▶ **What you should do**: Copy the listing in full and exactly, omitting its images.

▶ **Recorded information**:
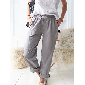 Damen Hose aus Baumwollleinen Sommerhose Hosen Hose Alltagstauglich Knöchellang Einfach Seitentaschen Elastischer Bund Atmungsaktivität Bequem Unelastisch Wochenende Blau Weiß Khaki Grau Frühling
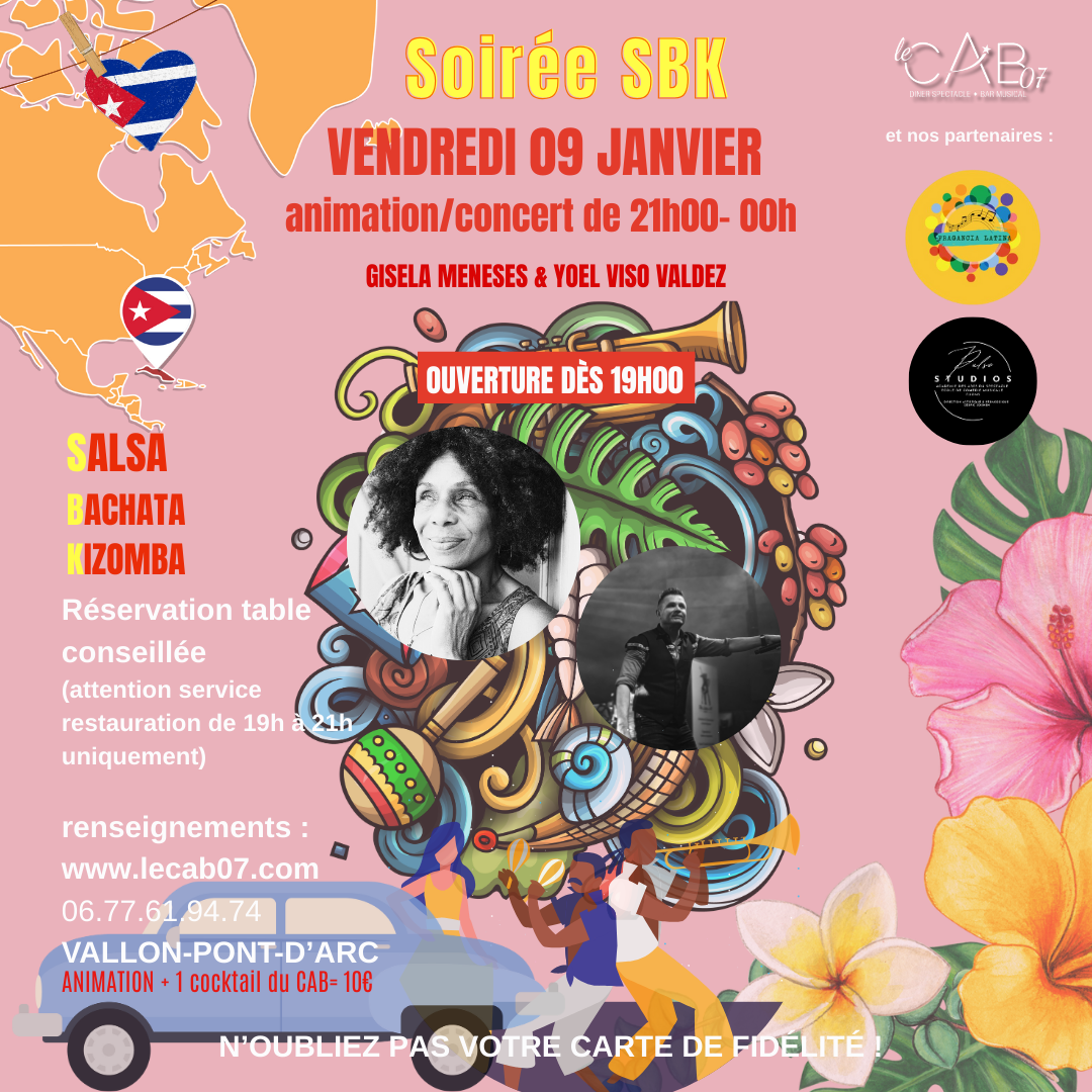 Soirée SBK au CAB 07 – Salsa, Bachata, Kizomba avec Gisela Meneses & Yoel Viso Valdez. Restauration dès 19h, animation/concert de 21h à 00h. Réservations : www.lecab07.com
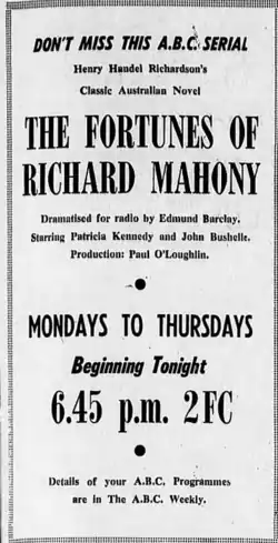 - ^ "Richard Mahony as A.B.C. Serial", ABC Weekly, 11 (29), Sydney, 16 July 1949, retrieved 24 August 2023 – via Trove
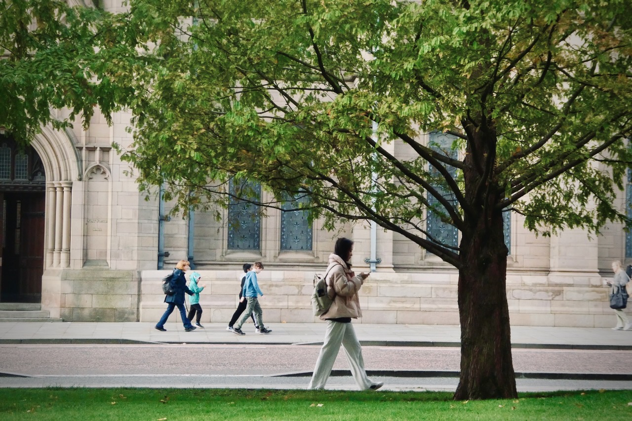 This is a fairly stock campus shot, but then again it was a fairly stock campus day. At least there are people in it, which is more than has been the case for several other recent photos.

▶ **Answer space**:
 Damen Hose aus Baumwollleinen Sommerhose Hosen Hose Alltagstauglich Knöchellang Einfach Seitentaschen Elastischer Bund Atmungsaktivität Bequem Unelastisch Wochenende Blau Weiß Khaki Grau Frühling
 Soirée SBK au CAB 07 – Salsa, Bachata, Kizomba avec Gisela Meneses & Yoel Viso Valdez. Restauration dès 19h, animation/concert de 21h à 00h. Réservations : www.lecab07.com
 - ^ "Richard Mahony as A.B.C. Serial", ABC Weekly, 11 (29), Sydney, 16 July 1949, retrieved 24 August 2023 – via Trove
 This is a fairly stock campus shot, but then again it was a fairly stock campus day. At least there are people in it, which is more than has been the case for several other recent photos.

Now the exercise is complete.